Suddenly, something smoldering hot came into my belly and it flooded my throat and forced me to bend over (like the priests made me do) and purge everything evil inside me. I vomited. It spewed all over. I began crying so that salty vomit and salty tears covered my face, embalmed my lips because I was nearly dead like the rest of Marseilles. I hugged myself, struck down on Merchants Street, scared I’d shit myself too. More purging came, wrecked my body so hard I thought I’d spew out my insides (at least the maggot children would have some feast!) until the yellow sky fell into blackness and my head exploded.

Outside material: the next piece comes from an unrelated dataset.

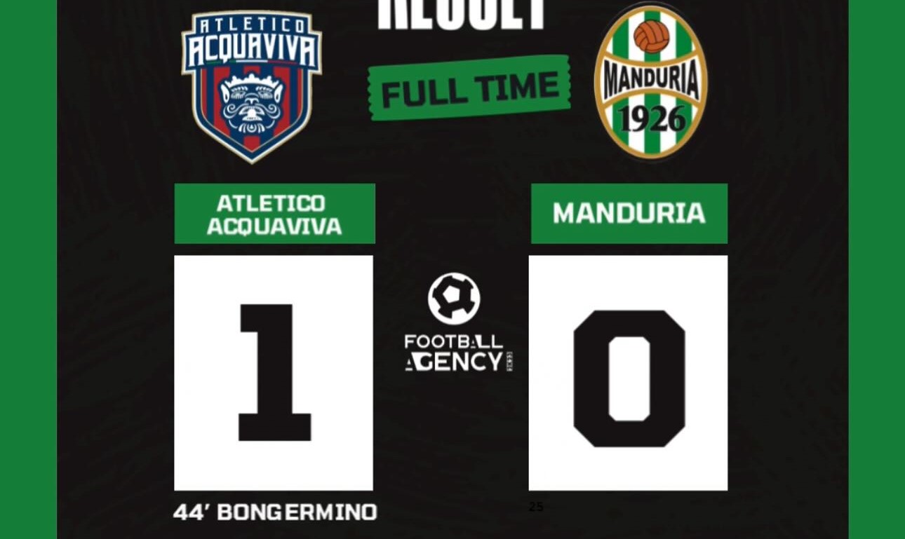 Il Manduria esce sconfitto di misura dallo stadio di Acquaviva ma francamente un pareggio sarebbe forse stato un risultato più equo che avrebbe premiato quanto meno l’impegno mostrato dai ragazzi biancoverdi. A segnare la vittoria per i padroni di casa, il goal realizzato da Bongermino al 44’ del primo tempo.

When I woke up, I was naked, shivering, a newborn who came into this ugly world of the Death. I was reborn in the worst kind of way.

My clothes were gone. My nose caught the awful stench of the room coupled with the smell of my own body. I felt sick again, yet there wasn’t anything else to purge.

Fingers groped at my thighs.

I was naked! A terror seized me. Where was I? What horrible place was this? And whose hands were creeping up my thighs? No, no, no no nonono…

They came further; there was laughing in the darkness. I tried to move away, but hands forced me down, crucifying me against the floor. Where was I? Where was God in all that? Didn’t He help folks like me?

Then I thought of Saint Sebastian, nailed by arrows. He was a martyr! A good Christian. Did God let him die for some greater purpose? So fourteen year-old girls like me could pray to him as God’s vengeance washed over France?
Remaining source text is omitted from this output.